This is a highly entertaining story about an astronaut who is accidentally marooned on Mars by his team. If you enjoy sci-fi and especially like characters who can invent or modify gadgets as well as MacGyver, then you should give this a read. Mark Watney is a man trained in botany and engineering, both of which may help him survive until a rescue mission can be mounted. His log entries reveal the emotions he feels as he struggles to stay alive - including frustration with the Disco music and 70s TV shows some of the others brought along as entertainment. As you read, you become one of the millions on Earth who are cheering for him to find a way home.
The Martian is science fiction - no fantasy elements, no paranormal abilities or supernatural entities, no extra-terrestrials; it could be called "pure" sci-fi. Weir shows us the incredible amount of mathematics and scientific know-how that is required of astronauts, especially those stranded on a planet without a breathable atmosphere or edible flora or fauna.
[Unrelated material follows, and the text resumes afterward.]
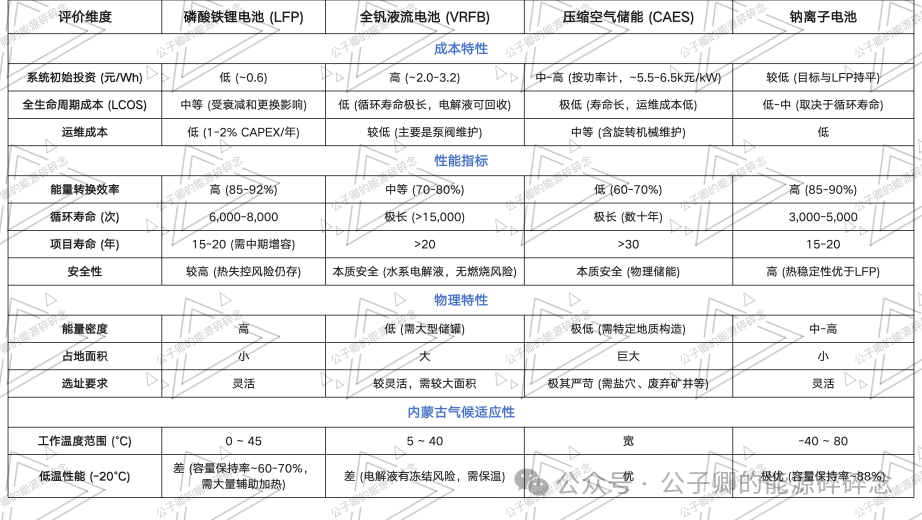 3、增值业务:电力辅助服务市场 除了容量补偿和能量套利这两大主要收入来源外,内蒙古的独立储能电站还可以作为独立市场主体,参与电力辅助服务市场,获取第三重收益。这主要包括调峰、调频和备用等服务。 调频(Frequency Regulation):蒙西电网的调频市场对AGC(自动发电控制)单元进行补偿,补偿模式主要为“里程补偿”。根据最新的规则,调频里程的申报价格范围调整为2-12元/MW 。虽然这一价格相比早期的6-15元/MW有所下调 ,反映出市场竞争的加剧,但对于技术性能优越的储能电站而言,仍然是一项重要的增值收入。 备用(Reserve):指预留一部分电力容量,以应对突发的发电机组故障或负荷骤增。储能电站可以将其部分容量作为备用资源参与市场报价,根据中标容量和时间获得补偿。 参与辅助服务市场实现了“收益叠加”(Revenue Stacking)。一个先进的储能电站,可以通过其能量管理系统(EMS)进行精细化管理,将一部分功率容量(例如100MW中的20MW)用于响应高价值的调频指令,同时将其大部分能量容量(400MWh)用于执行峰谷套利策略。这种多任务并行操作,能够最大化资产的利用率和整体收益水平。虽然辅助服务收入在总收入中的占比可能不高(预计在5-10%),但它能有效提升项目的整体投资回报率。 03 为内蒙古选择最优的4小时储能方案 1、构网型(Grid-Forming)储能的崛起 构网型储能,相较于传统的跟网型(Grid-Following)储能,其核心区别在于控制方式。跟网型储能作为电流源,被动地跟随电网的频率和电压,只能进行功率的吞吐;而构网型储能则作为电压源,能够主动、独立地建立和支撑电网的电压和频率,表现得更像一台传统的同步发电机。 2、 多维度技术对比分析 针对内蒙古100MW/400MWh网侧独立储能的应用场景,我们选取四种代表性的新型储能技术进行综合对比,盗图的朋友,拿走不谢! 综上所述:对于2025年在内蒙古投资的100MW/400MWh项目,磷酸铁锂电池凭借其成本优势和市场成熟度,仍是短期内最具可行性的基准选择。 04 100MW/400MWh项目案例研究 1、核心假设:根据自己家的情况自行调整 年有效运行天数:330天 (考虑检修和故障) 每日循环次数:1次 (一充一放) 容量补偿:200次 系统综合效率 (Round-Trip Efficiency):85% 平均充电电价 (蒙西现货市场):0.25 元/kWh 平均放电电价 (蒙西现货市场):0.65 元/kWh (形成0.40元/kWh的净价差) 融资结构:30%资本金,70%银行贷款,贷款利率5%,期限10年。 2、 敏感性分析 2025年的“上网电价”是一个由三部分构成的复合体,LCOE已不再是其收入的直接对标。 项目收益对能量套利价差最为敏感。若未来市场竞争加剧导致价差收窄,IRR将受到显著影响。 其次是容量补偿政策的稳定性和持续性。任何对0.35元/kWh标准或10年期限的负面调整,都将直接冲击项目的财务基础。 初始投资CAPEX的变动也对回报率有直接影响,但其敏感性低于前两者。 年运行循环次数直接影响收入规模,电站的可用率和调度策略至关重要。 综合来看,在当前政策框架下,内蒙古的100MW/400MWh网侧独立储能项目具有极强的财务可行性和投资吸引力。其核心在于政策性收入(容量补偿)与市场化收入(能量套利)的有效结合,构建了一个风险可控、回报可观的商业模式。 05 战略建议与风险评估 1、个人观点仅供参考,强烈建议投资 结构性需求强劲:内蒙古“新能源倍增行动”创造了确定且巨大的储能需求,项目并非基于短期市场炒作,而是服务于自治区能源战略的长期刚需。 商业模式清晰且优越:以“0.35元/kWh容量补偿+能量套利+辅助服务”为核心的收益模型,在全国范围内具有领先优势。长达10年的容量补偿为项目提供了坚实的收入保障,显著降低了投资风险,确保了项目的融资可行性。 财务回报可观:项目预计可实现超过15%的全投资内部收益率,并在10年补偿期内收回投资,具备极强的盈利能力。 政策支持力度空前:从自治区政府到能源局,均将独立储能视为构建新型电力系统的关键环节,给予了包括容量补偿、充电电价豁免、市场准入等在内的一揽子支持政策,为项目的顺利实施和运营创造了良好的外部环境。 此项投资建议的核心前提是项目能够成功入选自治区2025年度独立新型储能建设项目清单,并严格执行政府要求的标准,锁定0.35元/kWh的补偿标准。 2、面临的主要风险及相应的规避策略 对于投资者和开发者内蒙古正处于其能源革命的关键时刻,而独立储能电站则是这场革命的赋能者和稳定器。 2025年,在强力政策的驱动下,将是投资内蒙古储能市场的黄金窗口期。早期进入者将凭借优厚的容量补偿政策和广阔的套利空间,获得丰厚的投资回报。 展望未来,内蒙古的储能市场将逐步从政策驱动向市场驱动过渡。 随着市场机制的不断成熟,容量补偿可能会被容量市场或容量电价所取代,能量套利的价差也将回归至一个由市场供需决定的合理水平。届时,市场的竞争将更多地围绕运营效率、技术性能和商业模式创新展开。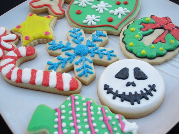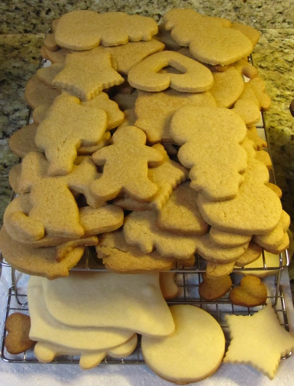 This year I have scaled back my holiday baking since many people in my world just are not eating a lot of that sweet stuff these days. No one wants tight jeans. Tim and I chose to make some simple cut-out cookies instead. Of course, I turned a simple batch of cut out cookies into making SEVERAL flavors of dough plus icing in a zillion colors. Then we spent most of an entire day rolling out, cutting out, baking and decorating 11 dozen cookies. My husband is a cookie champ. (True story.) It was a nice festive way to spend the day with each other.

The protagonist must solve multiple problems just to stay alive long enough to have a chance at solving the problem of escaping Mars and returning home. Readers come to know Watney as we follow his remarkable efforts to produce oxygen and food, establish contact with mission control, and try to survive injuries, explosions, and sand storms (among other hazards).
The tension of the NASA personnel on Earth who are trying to organize a rescue is so convincing that I found myself gripping the book tightly and leaning forward as if I could jump right into the story and offer to help. Several movie plots have revolved around expeditions to Mars, but this book does the best job of making it believable.